What The Consultant Said About TAM

The NDTV lawsuit includes information revealed to it by a whistleblower called “The Consultant” as well as a certain sting operations conducted on those claiming to rig TAM data for companies. Here’s what the consultant revealed, as alleged by NDTV’s lawsuit:

– The identity of PeopleMeter home addresses were not top-secret, are available to everyone for a price. Leaking of an existing list of supposed-to-be-confidential PeopleMeter homes in the city of Bangalore showed the existence of homes with meters installed as far back as 2007 and 2008.

– Peoplemeter homes had been compromised through bribes. People were being paid to catch certain channels for longer periods, thereby artificially increasing the ratings of certain networks. He shared information of specific instances of data manipulation by the consultants for certain channels.
– TAM personnel actively participated in the bribery, and middlemen and “consultants” that manipulate the TAM system, are endemic across the TAM network. TAM data collectors and employees of TAM being “accessible” for a price (bribe), technical and field work being outsourced, often to cable operators. The Consultant used to bribe TAM personnel as well as PeopleMeter homes in order to manipulate ratings for TV channels and claimed that he was successful at doing so. The Consultant named several employees of TAM who took bribes through other consultants to fix ratings for channels. The Consultant also pointed out that one of the employees of TAM had currently moved to a competing broadcaster.

– How the Consultant managed to get a TAM PeopleMeter installed at his residence, despite being a part of the TV industry, by misrepresentation and bribing. The Consultant said that his own home was empaneled as a panel home by another consultant in connivance with TAM. The Consultant shared a copy of a check for Rs. 85,000 (US$ 1,700) which he received as a payment for one month from the other consultant hired by the said channel for being empaneled as a TAM panel home to allow manipulation to take place from his own home. The Consultant claimed that he was promised a similar payment on a monthly basis and that the Consultant’s employment particulars in the TAM empanelment form were faked to enable his house being listed as an SEC A home.

– The Consultant further disclosed that the Consultant had worked for a channel and the said channel had also hired a consultant to fix ratings in the past and the arrangement continued between the said channel and that consultant (hired by the said channel) for 6 months but was discontinued later because the said channel was not completely satisfied with the increase in the ratings, and also because the consultant hired by the said channel could not commit to increased ratings in the desired territory (Mumbai).

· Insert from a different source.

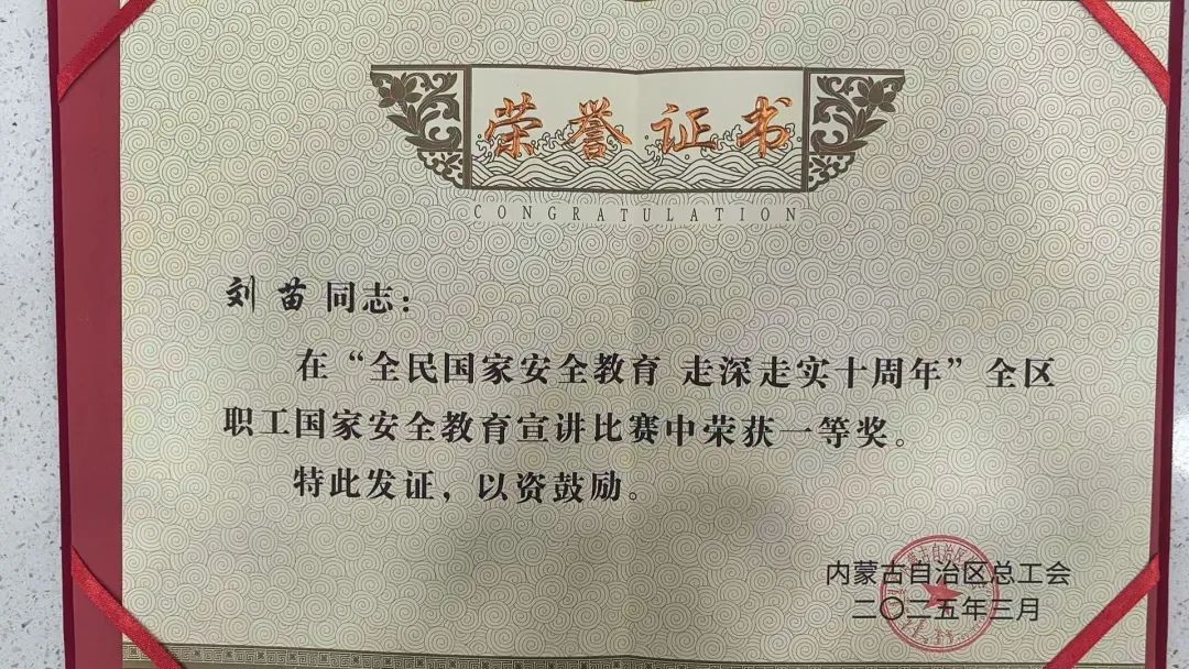 此次獲獎是對劉苗努力的認(rèn)可,更是集團長期重視國家安全教育工作的成果。一直以來,黃河集團通過多種形式開展國家安全教育活動,提升員工的國家安全意識,推動國家安全理念深入人心。

– The Consultant claimed that the approximate bribe for a channel to infiltrate panel homes in any territory for enhanced ratings was in the range of Rs 4-6 crores (US$ 1-1.5 million) per channel per TAM panel.

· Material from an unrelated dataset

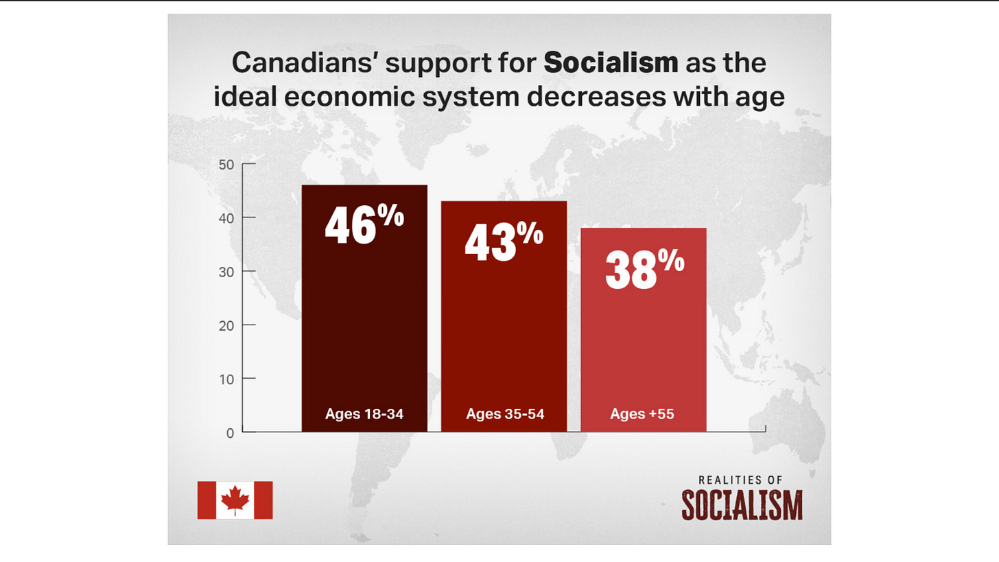 So yes, support is strongest among the young—but nearly 4 in 10 older Canadians feel the same way. That’s not fringe, that’s almost half. Among ages 18–24, support reaches about 50%, one in two. That number may soften with age, but for now, it’s real. I believe there are 3 very strong reasons why so many people find socialism so attractive.

– (Earlier) while the Consultant was employed for a South India based channel he had approached a very senior official in TAM to point out that despite better reach/content/viewership, etc., the ratings of the said channel were lower than the closest market competitor, and after the meeting, the Consultant’s channel was approached by a person representing himself to be a consultant offering his services to take care of the said channel’s ratings.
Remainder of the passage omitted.